Information supplied =>
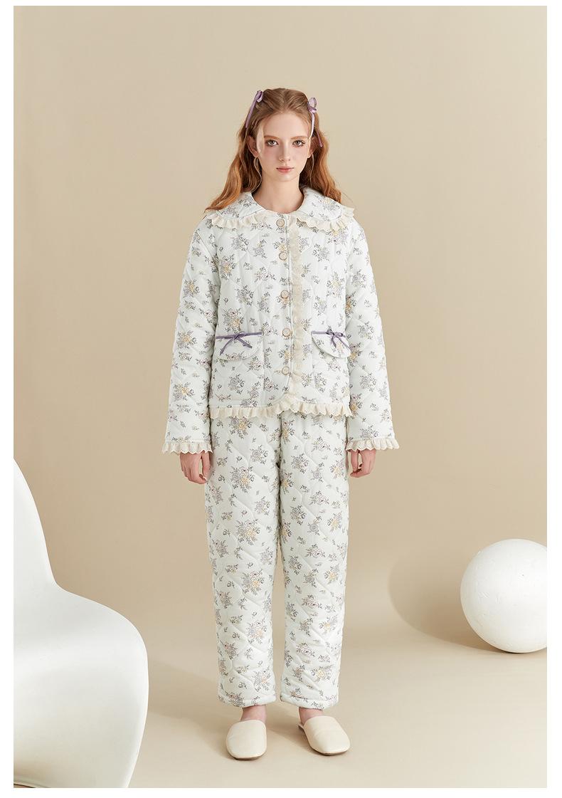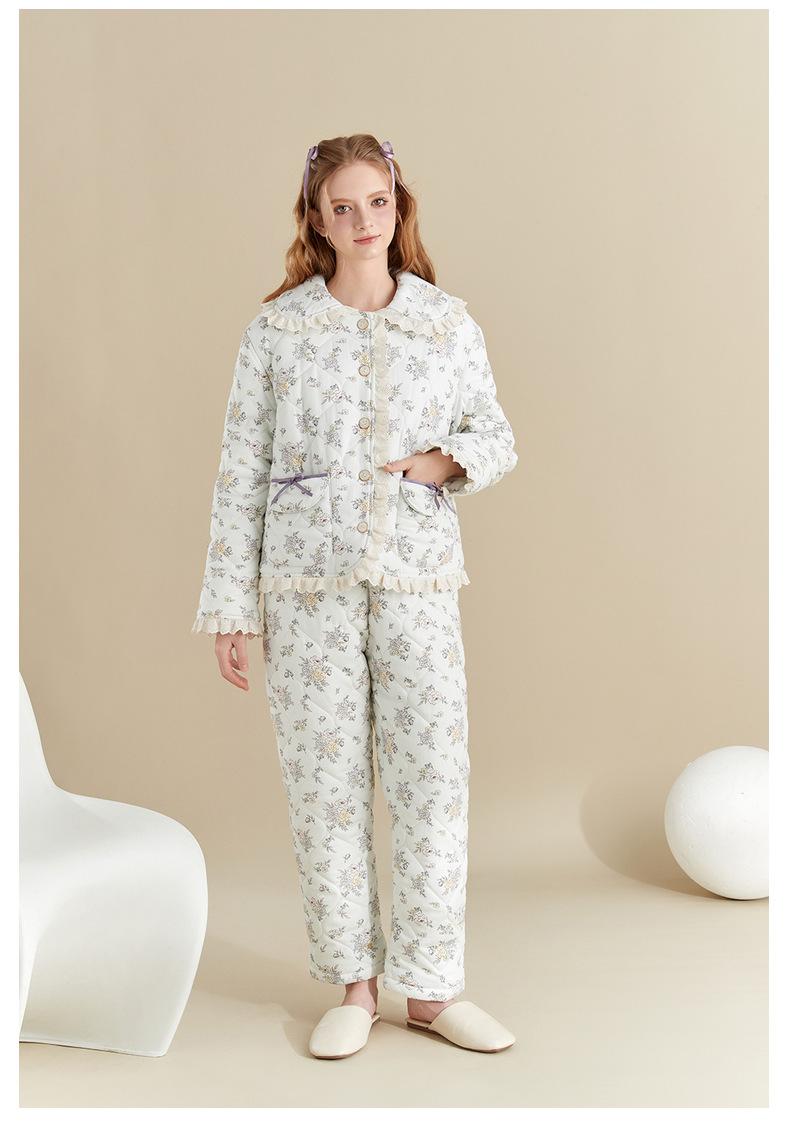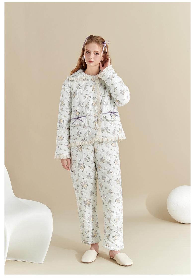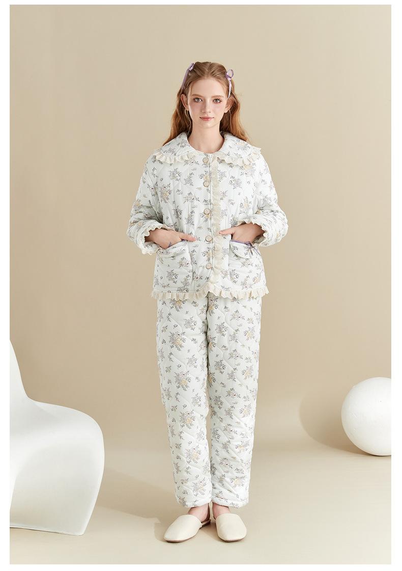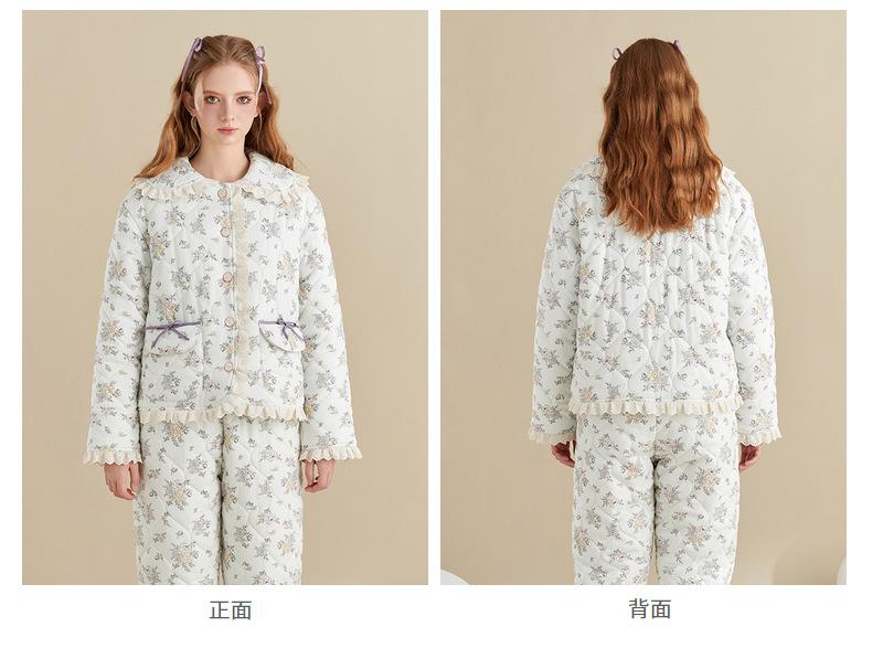 Pijama acolchoado de três camadas de inverno para mulheres com estampas florais, doce e elegante, roupas de casa grossas e quentes para meninas no inverno, ternos para economizar roupas
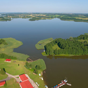 Lotnicze, EU, PL, Warm-Maz. Jezioro Kisajno. Wyspy Sosnowy Ostrow i Duzy Ostrow.
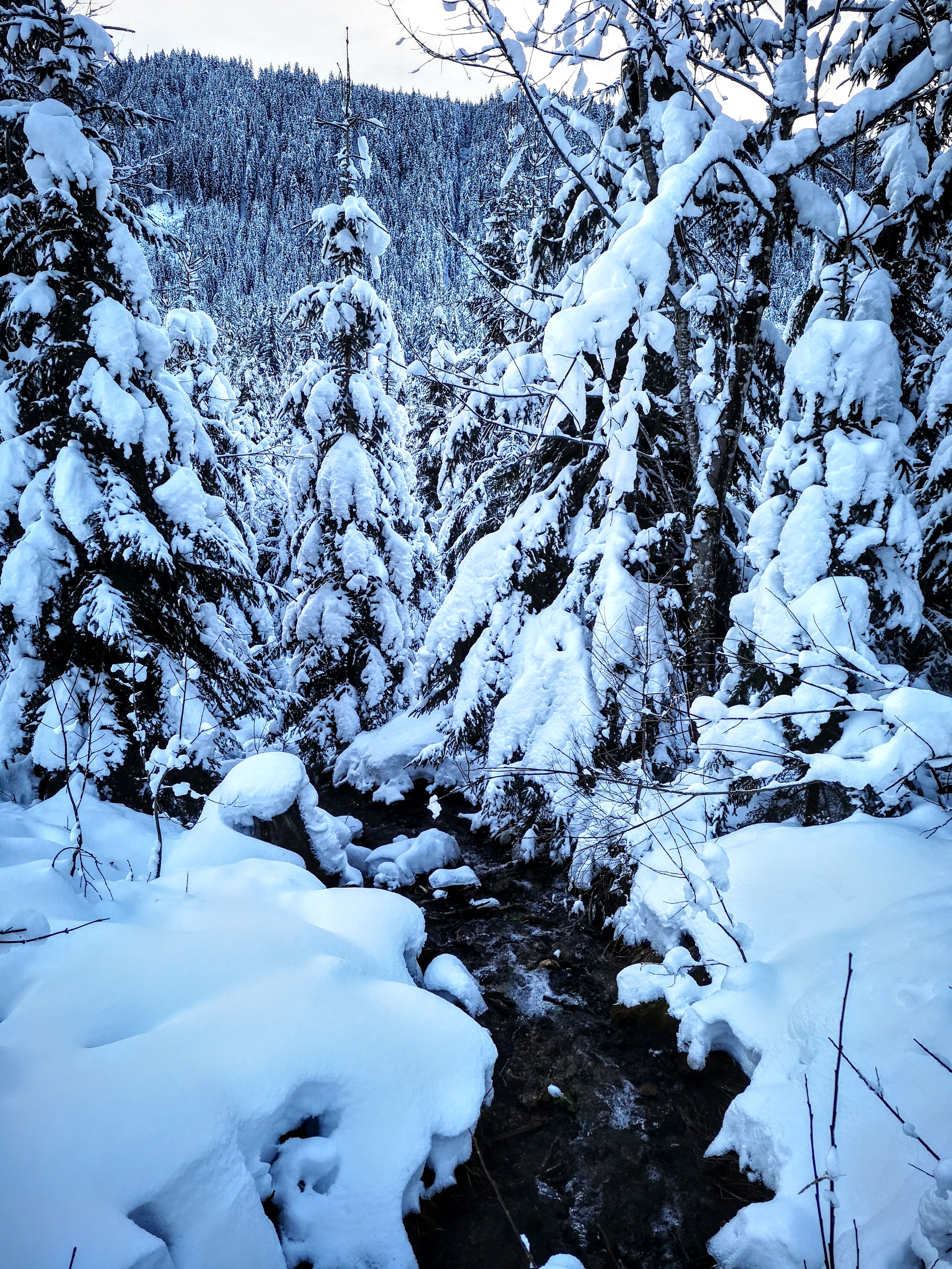Wenn man freiwillig bei Minusgraden vom sonnigen Gosauer Vorder- & Mittertal ins Hintertal fährt, um dort im Schatten spazieren zu gehen – dann hat das einen Grund. Entweder: Vampir. Oder: man liebt den Winter und die Kälte. Letzteres wär dann bei mir der Fall. Vorneweg: es ist egal, ob man die Runde im- oder gegen den Uhrzeigersinn geht. Ich starte ggü vom GH Gosauschmid und folge dem Georundweg ri Stausee, über dem zu dieser Zeit auch die Sportloipe (UPDATE Saison 22/23: dort wird keine Loipe mehr präpariert) führt. Bitte deswegen auf die Langlaufspur aufpassen und diese nicht betreten – danke! Vorbei am Zustieg zu den Laserer Alpin Klettersteigen (Wintersperre), den rauschenden (Brunn)Bächen, weiter zur Karstquelle „Waller“, die genau unter der Holz-Brücke zu Tage tritt und bergab in Richtung Kraftwerk. Dort gibt es einiges zu entdecken – wer sich beim Spazieren gehen umschaut und die Augen für die Natur öffnet, dem werden auch besondere Einblicke gewährt… Den Wegmarkierungen folgen, über den im Moment laut tosenden Gosaubach und nach der Strassenquerung tauche ich direkt wieder in einen Winterwunderwald ein, der schöner nicht sein könnte…

Aim of the exercise => Please retype the data exactly. The pictures do not go in.

Problem solution =>
 Pijama acolchoado de três camadas de inverno para mulheres com estampas florais, doce e elegante, roupas de casa grossas e quentes para meninas no inverno, ternos para economizar roupas
 Lotnicze, EU, PL, Warm-Maz. Jezioro Kisajno. Wyspy Sosnowy Ostrow i Duzy Ostrow.
Wenn man freiwillig bei Minusgraden vom sonnigen Gosauer Vorder- & Mittertal ins Hintertal fährt, um dort im Schatten spazieren zu gehen – dann hat das einen Grund. Entweder: Vampir. Oder: man liebt den Winter und die Kälte. Letzteres wär dann bei mir der Fall. Vorneweg: es ist egal, ob man die Runde im- oder gegen den Uhrzeigersinn geht. Ich starte ggü vom GH Gosauschmid und folge dem Georundweg ri Stausee, über dem zu dieser Zeit auch die Sportloipe (UPDATE Saison 22/23: dort wird keine Loipe mehr präpariert) führt. Bitte deswegen auf die Langlaufspur aufpassen und diese nicht betreten – danke! Vorbei am Zustieg zu den Laserer Alpin Klettersteigen (Wintersperre), den rauschenden (Brunn)Bächen, weiter zur Karstquelle „Waller“, die genau unter der Holz-Brücke zu Tage tritt und bergab in Richtung Kraftwerk. Dort gibt es einiges zu entdecken – wer sich beim Spazieren gehen umschaut und die Augen für die Natur öffnet, dem werden auch besondere Einblicke gewährt… Den Wegmarkierungen folgen, über den im Moment laut tosenden Gosaubach und nach der Strassenquerung tauche ich direkt wieder in einen Winterwunderwald ein, der schöner nicht sein könnte…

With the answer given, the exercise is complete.